Every entry below needs to be printed again exactly, with its pictures left out.

┄┄┄┄┄┄

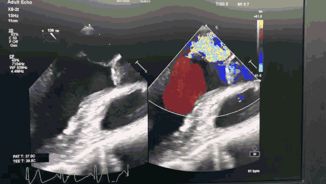 患者是71岁老年男性,体格消瘦,极重度二尖瓣反流,后叶P2及部分P3脱垂,同时合并重度肺动脉高压,STS评分6.1%,外科手术风险高。
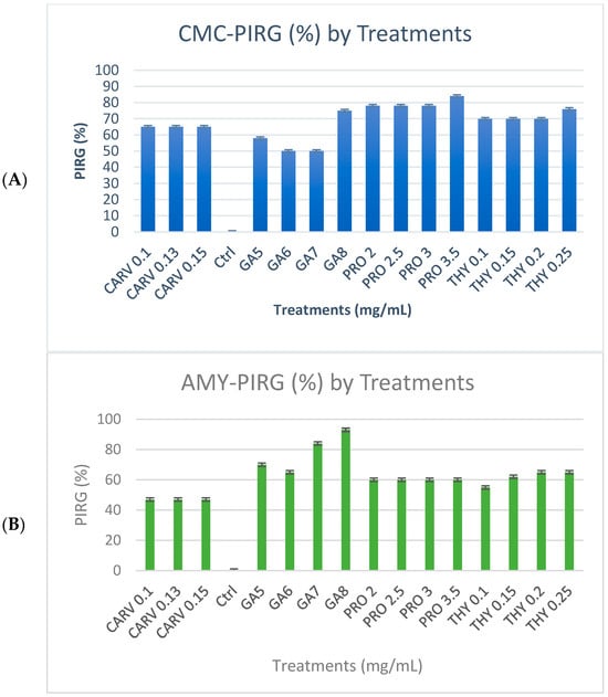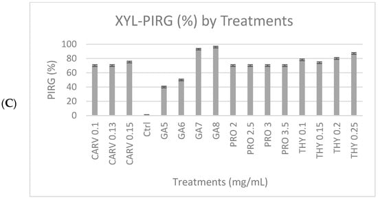 Figure 2. Percentage inhibition of radial growth (PIRG %) of G. boninense PER71 treated with different concentrations of phenolic compounds on enzyme production. The graph shows the percentage of enzyme production for (A) cellulase, (B) amylase, (C) xylanase, and the interpretation of data is based on 100% enzyme production. Vertical bars indicate standard error, and each value represents the mean of four replicates.
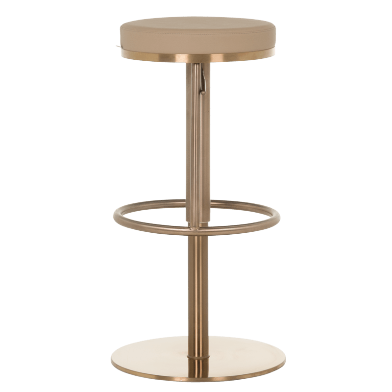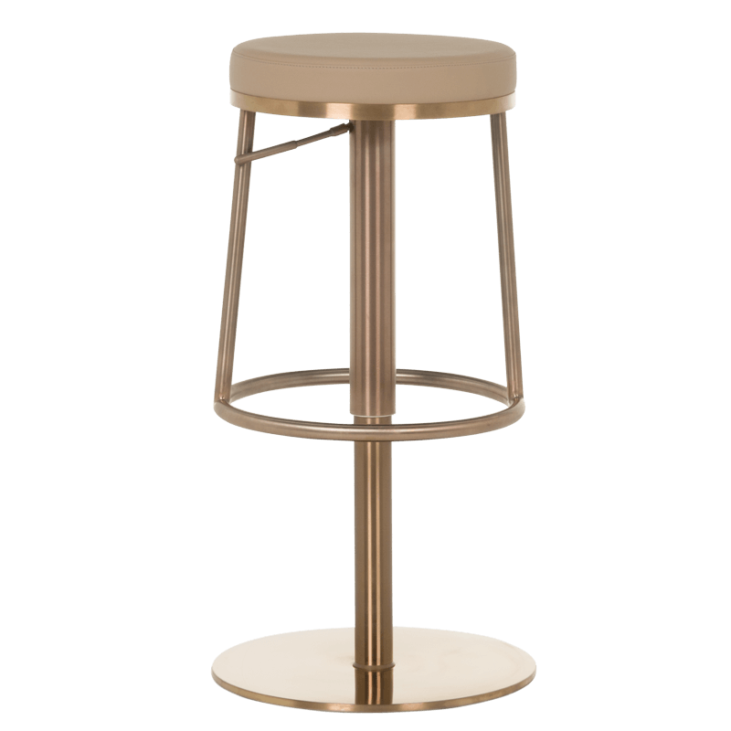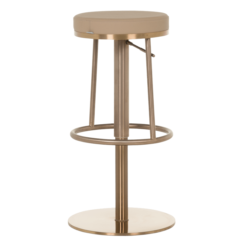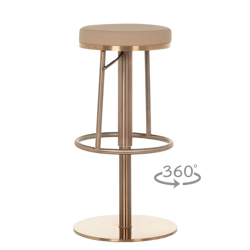 Бар столът BEZU е символ на лукс и изтънченост, съчетавайки модерен дизайн с максимален комфорт. Тапициран във висококачествена еко кожа, той предлага изключителна мекота и стил, придавайки на интериора усещане за елегантност и грижа към детайла. Основата е изработена от иноксова стомана с луксозно полирано покритие със златист финиш, което придава на стола не само издръжливост, но и бляскаво визуално присъствие. Освен впечатляващия си външен вид, BEZU предлага практичност, като в най-ниската си позиция той може да се използва като удобна табуретка. С въртене на 360 градуса и регулируема височина, този стол е перфектният избор за всеки изискан интериор, където стилът и функционалността се преплитат. Пълна информация за размерите и характеристиките на модела ще намерите в таблицата в таб/поле "Техническа информация".
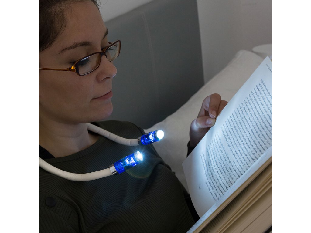 LED lampička na čítanie na krk Nereled od InnovaGoods je praktický a pohodlný pomocník pre všetkých milovníkov kníh. Vďaka ergonomickému dizajnu ju jednoducho nasadíte okolo krku, čím získate voľné ruky na pohodlné čítanie, ručné práce či iné aktivity. Každé rameno lampičky je flexibilné a umožňuje nastaviť smer osvetlenia presne podľa vašich potrieb.
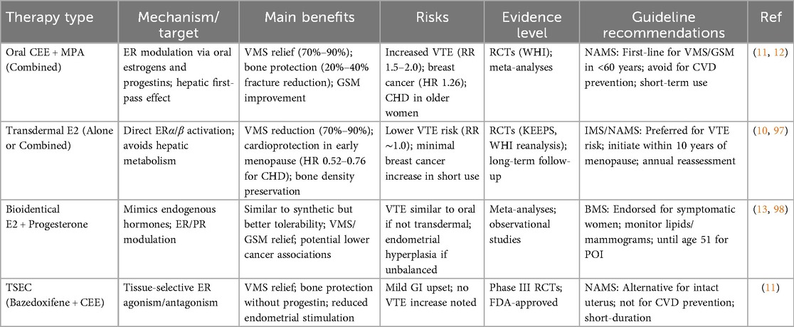 Table 1. Comparison of menopausal hormone therapy (MHT) formulations: efficacy, risks, and guideline recommendations.

┄┄┄┄┄┄

• **Written answer**:
 患者是71岁老年男性,体格消瘦,极重度二尖瓣反流,后叶P2及部分P3脱垂,同时合并重度肺动脉高压,STS评分6.1%,外科手术风险高。
 Figure 2. Percentage inhibition of radial growth (PIRG %) of G. boninense PER71 treated with different concentrations of phenolic compounds on enzyme production. The graph shows the percentage of enzyme production for (A) cellulase, (B) amylase, (C) xylanase, and the interpretation of data is based on 100% enzyme production. Vertical bars indicate standard error, and each value represents the mean of four replicates.
 Бар столът BEZU е символ на лукс и изтънченост, съчетавайки модерен дизайн с максимален комфорт. Тапициран във висококачествена еко кожа, той предлага изключителна мекота и стил, придавайки на интериора усещане за елегантност и грижа към детайла. Основата е изработена от иноксова стомана с луксозно полирано покритие със златист финиш, което придава на стола не само издръжливост, но и бляскаво визуално присъствие. Освен впечатляващия си външен вид, BEZU предлага практичност, като в най-ниската си позиция той може да се използва като удобна табуретка. С въртене на 360 градуса и регулируема височина, този стол е перфектният избор за всеки изискан интериор, където стилът и функционалността се преплитат. Пълна информация за размерите и характеристиките на модела ще намерите в таблицата в таб/поле "Техническа информация".
 LED lampička na čítanie na krk Nereled od InnovaGoods je praktický a pohodlný pomocník pre všetkých milovníkov kníh. Vďaka ergonomickému dizajnu ju jednoducho nasadíte okolo krku, čím získate voľné ruky na pohodlné čítanie, ručné práce či iné aktivity. Každé rameno lampičky je flexibilné a umožňuje nastaviť smer osvetlenia presne podľa vašich potrieb.
 Table 1. Comparison of menopausal hormone therapy (MHT) formulations: efficacy, risks, and guideline recommendations.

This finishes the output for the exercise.